Потом он поступил в пригородную газету на должность репортера и кое-как перебивался. Положение в семье ухудшилось, и способствовало этому как раз то, что Гордон стал больше зарабатывать. Теперь отец мог разыгрывать из себя почтенного старца и страдальца. Первый, кто извлек выгоду из повышения благосостояния семьи, был он. Старик отстроил свою конюшню и свой каретный сарай, нанял людей. Сын работал как вол, не давал себе поблажки, охотясь за информацией, а в это время папаша барствовал.
Впрочем, Гордон добровольно согласился стать рабом. Однако потом в нем развилась мстительность, ибо он увидел, к чему это привело: у самого Гордона жизни не было, а отец пустился во все тяжкие. Иногда отец брал с собой сына, эту ломовую лошадь или, как он его называл, этого тихоню, чтобы тот «рассеялся». Однако Гордон считал, что не подходит для отцовской компании. Он не знал, как вести себя с игроками и пьяницами. Для них он был чересчур тяжеловесен и серьезен, а потом и чересчур озлоблен.
Бывали случаи, когда Гордону приходилось экономить на обедах, чтобы принести домой достаточно денег, а деньги эти шли не в последнюю очередь для увеселений отца.

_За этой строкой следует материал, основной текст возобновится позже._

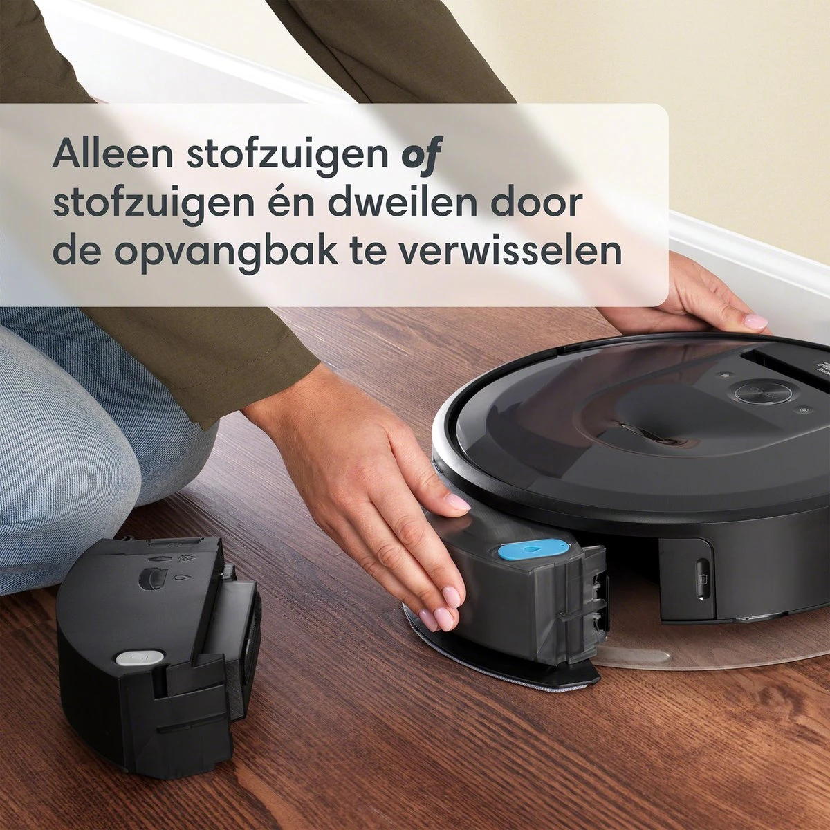 Aspirateur robot et serpillière Roomba Combo ™ i8 : Que vous ayez de la saleté humide ou sèche, avec l’aspirateur robot et serpillière robot Roomba Combo ™ i8 , vous pouvez effectuer un double nettoyage avec un seul appareil. Ce robot peut tout gérer, de la chapelure aux empreintes de tous les jours. Réglez votre Roomba Combo™ avec fonction de nettoyage pour aspirer uniquement ou pour aspirer et laver vos sols durs, simplement en changeant la poubelle du Roomba Combo™.

Как-то раз в одном из питейных заведений Лондона, о котором Гордон должен был написать ночной репортаж по заказу фирмы, поставлявшей виски, разыгрался скандал.
Как ты думаешь, кого застал в этом заведении Гордон за стаканом того самого виски, какое он должен был рекламировать?
Собственного папашу с молоденькой провинциальной субреткой.
Разъяренного репортера вышвырнули из кабака. Домой он приполз в разорванном костюме с ушибленной спиной. Все было так мрачно, так безнадежно, что Гордон не открыл правду об отце ни матери, ни младшей сестре. Он промолчал не потому, что боялся осрамить отца, а потому, что эта жизнь была ему отвратительна.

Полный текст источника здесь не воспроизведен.